Good news last month as the Copernicus Committee approved the plan for DG GROW to establish a new service under the Copernicus programme. Once implemented, the Data and Information Access Service (CDIAS) will finally give industry easy and efficient access to the Sentinel data and Copernicus information and create a level playing field throughout Europe.
This is something which EARSC has been claiming for some years now on behalf of the European EO services industry. We have been concerned that industry had no real means to acquire the data that they wanted. The ESA science hub capacity is limited and open to all science and international users. Only those few companies participating to the supply of Copernicus services would be assured of high quality access. Some countries are investing in national facilities but this is hardly a solution for a European project.
DG GROW propose to procure parallel services from 3 suppliers. The 3 competition winners will be required to provide an equal access to the basic data and services whilst being encouraged to develop additional capabilities on top of the basic ones meeting DG GROW requirements. We are convinced that it can act as a stimulus for the industry and enable gaps in European capability to be filled. We really welcome this approach and are looking at how the Marketplace for EO services (MEOS) could help all companies exploit the public sector investment. More details can be found in our recent position paper "Creating a European Marketplace for EO Services"..
Part of this study is to look at how the marketplace can be sustainable as a business. We look at what investment is required to develop the platform(s) and the potential revenues for it to be a profitable operation. We aim to show a feasible business into which companies will be prepared to invest.
But there is still at least one concern. DG GROW seem to have decided to split the procurement into two parts; one supplier will be selected through a procurement by Eumetsat and 2 through ESA. Immediately splitting into 2 parts runs counter to our goal to have all the data easily accessible through one source - one platform. At best this means more duplication with data stored in more than one place, at worst it means putting in place access control, user recognition, maybe even billing systems between the two, separately procured platforms - pushing up platform costs.

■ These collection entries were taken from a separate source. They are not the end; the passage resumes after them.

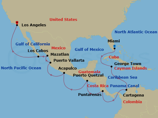 パナマ運河( マイアミ/フロリダ州 ~ ロサンゼルス/カリフォルニア州 )
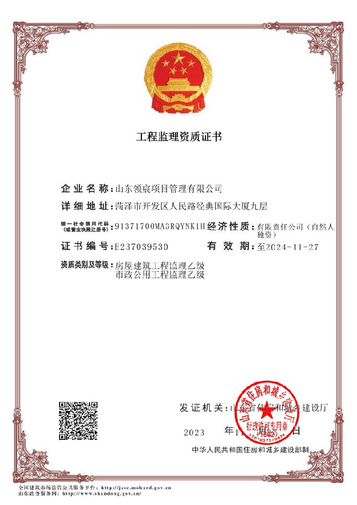 山東領宸項目管理有限公司是一家以全過程工程咨詢為核心的咨詢服務公司,本公司現具備工程造價咨詢乙級資質,房屋建筑工程、市政工程監理乙級資質和招標代理備案。公司擁有專業的工作團隊及豐富的行業經驗,在行業領域內具有雄厚的實力,企業管理人員擁有行業20年以上的資深行業工作經驗。公司現有專業技術人員50余人,具有一級注冊造價工程師、注冊監理工程師、一級注冊建造師、二級注冊建造師、招標師等工程類國家注冊執業資格證書人員合計30余人以及高級工程師3人,持證上崗率達到90%......
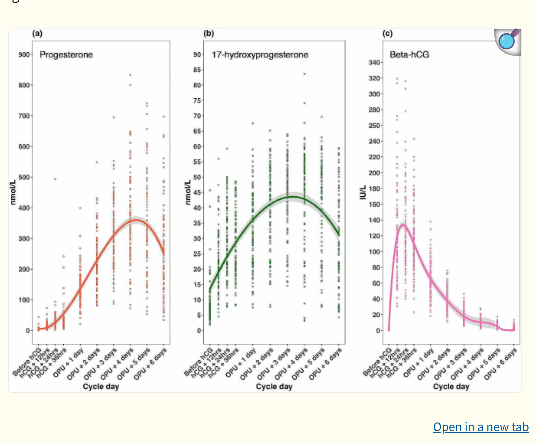 血清黃體酮和17-羥孕酮水平在hCG給藥后的第二天開(kāi)始升高,在卵母細(xì)胞拾取后四天達(dá)到峰值(分別為366±16nmol/L和44±1.6nmol/L),然后開(kāi)始下降。最高血清hCG水平為126mIU/mL,在hCG觸發(fā)后24小時(shí)觀察到,隨后逐漸下降(圖1)。
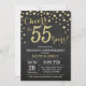Convite de Aniversário de Casamento de 55 Anos Quadro de Giz Preto e Dourado. Cinquenta e cinco Anos de Casamento. Fundo de Diamante Brilhante Preto e Dourado. Confetes Dourados. Aniversário de Adulto. Festa de Aniversário de Homem ou Mulher. Para personalização adicional, clique no botão "Personalizar" e use nossa ferramenta de design para modificar este modelo.
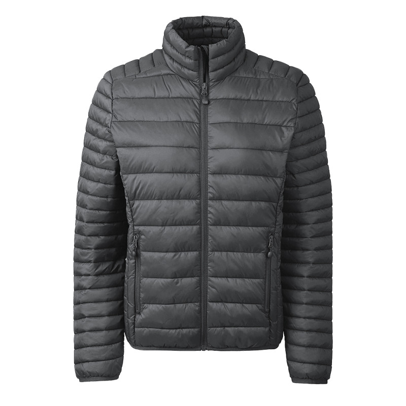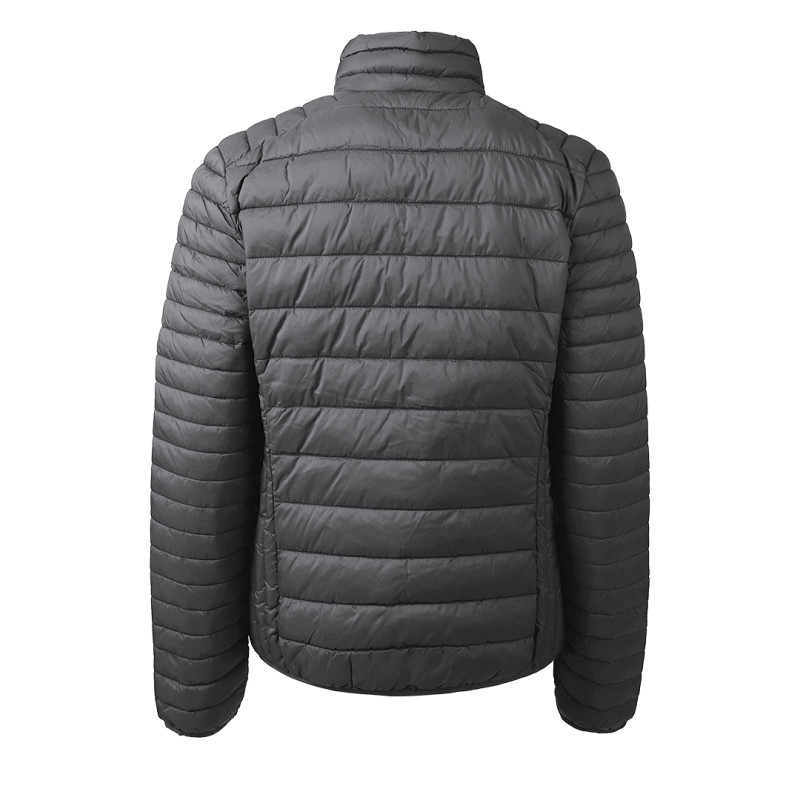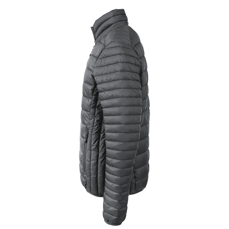 Jacket with light padding, quilted, two front pockets with zippers, elastic piping on the sleeves, and bottom, storage pouch
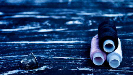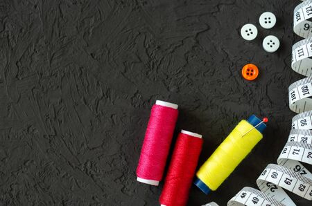 Top view of sewing supplies, sewing threads on dark background with copy space

From an industrial perspective it greatly weakens the investment case. Firstly, there are the additional costs and risks of responding to 2 distinct tenders (however close the requirements might be). Secondly, the need to manage transactions between the two platforms also means that business costs will rise. Finally, our arguments have been based on bringing all different types of data together so stimulating new innovative products and services. If the procurement is split, this will divide the data from the outset and greatly reduce the willingness to make other data available in the future.
Even worse could be the situation where Eumetsat claim to operate “their” platform so we have one operated by the public sector and two by the private sector. In this situation, would industry be able to invest at all?